What the hell Is GPQA, anyway?

In the period of the generative AI boom, everything is happening all at once. Every day a new model comes out, every week a billion dollar company teases a great new advancement.

More often than not, they'll show us some fancy version of this:

Benchmark example

We all love a misterious chart. ¹

A healthy person might look at this and just think - great - the higher the score the better the model. Unfortunately - I'm not healthy, and I'm a bit sick we just throw these tables around like they're the absolute truth.

A 40.9 score in GPQA - what the hell does that even mean?

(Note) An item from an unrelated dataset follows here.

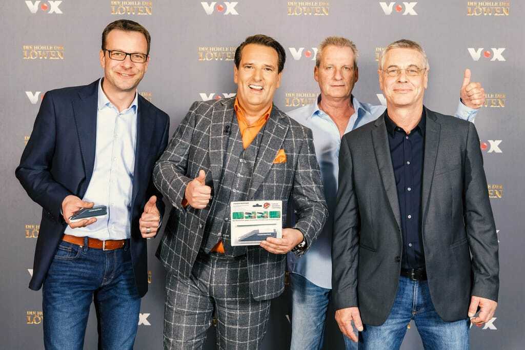 V.l.: Frank Eckert, Bernd Müller und Matthias Herrnbröck aus München haben einen Deal mit Ralf Dümmel (2.v.l.). Er investiert 100.000 Euro für 20 Prozent der Anteile an "Fugentorpedo".

Table of contents and code

Table of contents and code
A quick intro to GPQA
Trying to reproduce GPQA
Testing EleutherAI's LM Evaluation Harness
Running GPQA zero-shot with DsPy
A small DSPy side-track
Final thoughts

Code and prompts

A quick intro to GPQA

GPQA stands for "Graduate-Level Google-Proof Q\&A Benchmark." It is a dataset and methodology introduced in a paper by researchers from NYU, Cohere, and Anthropic. In essence, GPQA focuses on a subset of exceptionally challenging questions from the fields of physics, chemistry, and biology.

The dataset is available in three versions, each with varying levels of difficulty:

Extended Set: 546 questions.
Main Set: 448 questions.
Diamond Set: 198 questions (the most challenging subset).

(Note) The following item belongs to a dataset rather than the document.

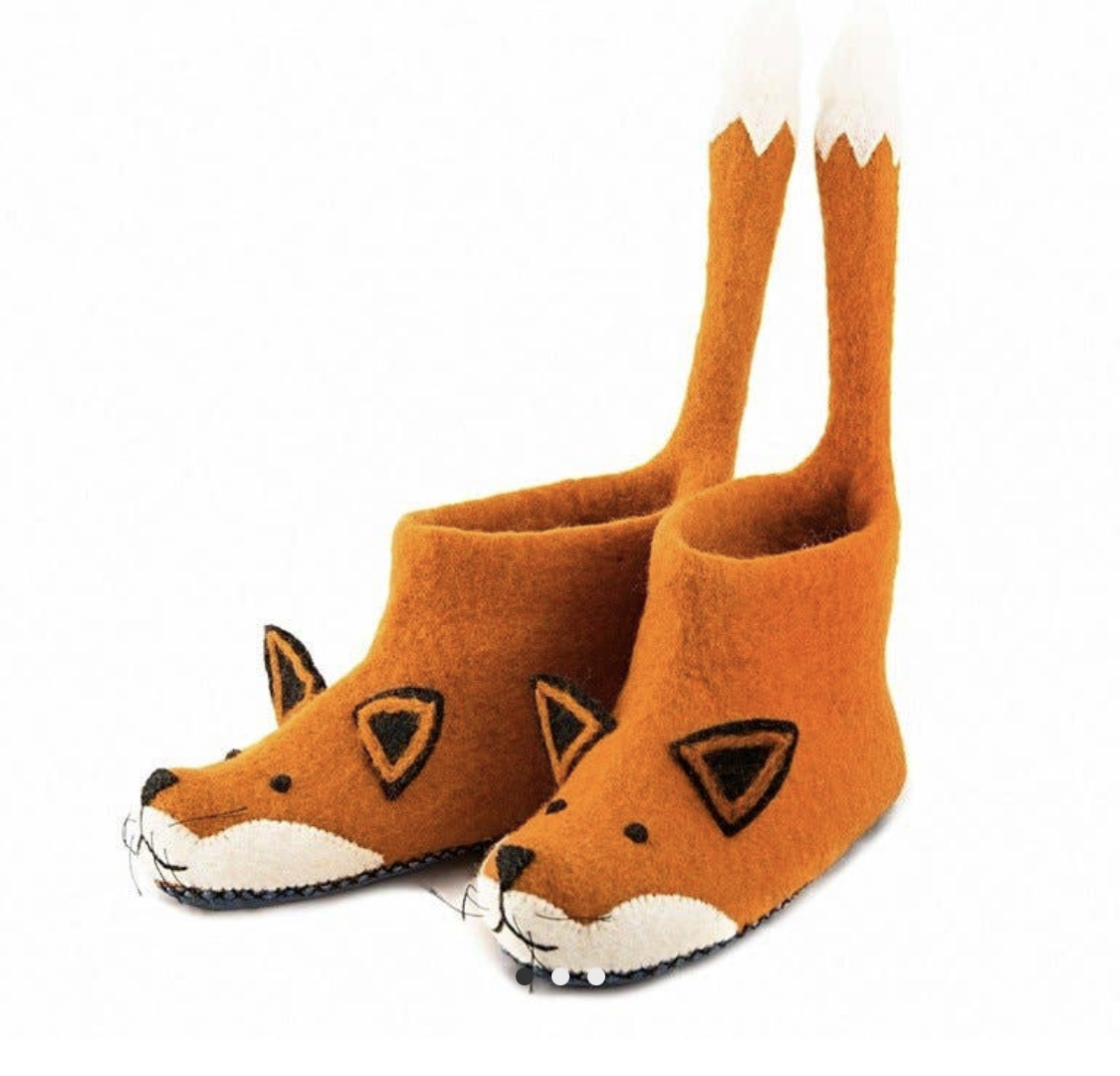 Håndlagede tøfler av organisk, hudvennlig filt og håndsydde anti-skli såler.

Here’s an example of a question from the dataset:

Methylcyclopentadiene (which exists as a fluxional mixture of isomers) was allowed to react with methyl isoamyl ketone
and a catalytic amount of pyrrolidine. A bright yellow, cross-conjugated polyalkenyl hydrocarbon product formed (as
a mixture of isomers), with water as a side product. These products are derivatives of fulvene. This product was then
allowed to react with ethyl acrylate in a 1:1 ratio. Upon completion of the reaction, the bright yellow color had disappeared.
How many chemically distinct isomers make up the final product (not counting stereoisomers)?
A) 2
B) 16
C) 8
D) 4

For context, a 'non-expert' human—with unlimited time and internet access—achieves roughly 30.4% accuracy on the main set.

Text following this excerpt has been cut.